Dataset entries section start
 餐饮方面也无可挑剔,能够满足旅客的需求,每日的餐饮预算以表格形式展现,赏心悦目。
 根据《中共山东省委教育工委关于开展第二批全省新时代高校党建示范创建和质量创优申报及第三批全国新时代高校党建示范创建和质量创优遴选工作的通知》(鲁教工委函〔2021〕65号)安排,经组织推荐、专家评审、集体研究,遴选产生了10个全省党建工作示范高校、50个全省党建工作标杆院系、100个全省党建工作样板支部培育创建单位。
Dataset entries section end
Dataset entries section start
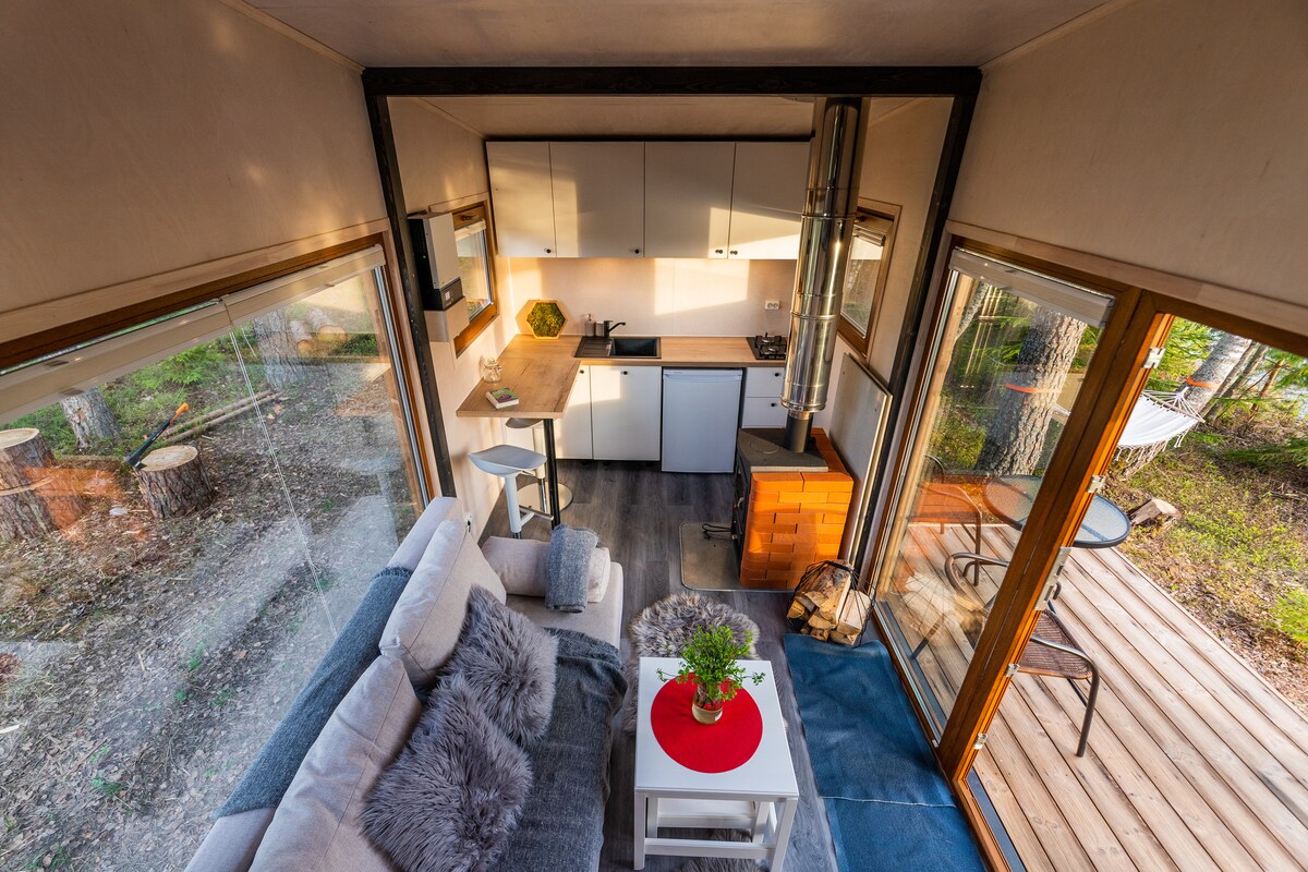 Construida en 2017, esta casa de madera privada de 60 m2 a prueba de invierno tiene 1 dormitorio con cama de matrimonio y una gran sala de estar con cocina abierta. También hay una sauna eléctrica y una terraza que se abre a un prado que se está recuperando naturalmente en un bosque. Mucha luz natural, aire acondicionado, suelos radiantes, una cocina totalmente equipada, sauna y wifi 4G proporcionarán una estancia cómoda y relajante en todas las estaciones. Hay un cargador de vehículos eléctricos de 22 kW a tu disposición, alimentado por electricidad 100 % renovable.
Dataset entries section end
Dataset entries section start
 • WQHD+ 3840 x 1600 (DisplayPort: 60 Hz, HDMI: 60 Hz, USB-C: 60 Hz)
Dataset entries section end
» What is needed
Within the listing above, the range opens at the line with "餐饮方面也无可挑剔,能够满足" and closes at the line with "根据《中共山东省委教育工委关". Reproduce exactly the lines of that range, including both ends.

» Your response
 餐饮方面也无可挑剔,能够满足旅客的需求,每日的餐饮预算以表格形式展现,赏心悦目。
 根据《中共山东省委教育工委关于开展第二批全省新时代高校党建示范创建和质量创优申报及第三批全国新时代高校党建示范创建和质量创优遴选工作的通知》(鲁教工委函〔2021〕65号)安排,经组织推荐、专家评审、集体研究,遴选产生了10个全省党建工作示范高校、50个全省党建工作标杆院系、100个全省党建工作样板支部培育创建单位。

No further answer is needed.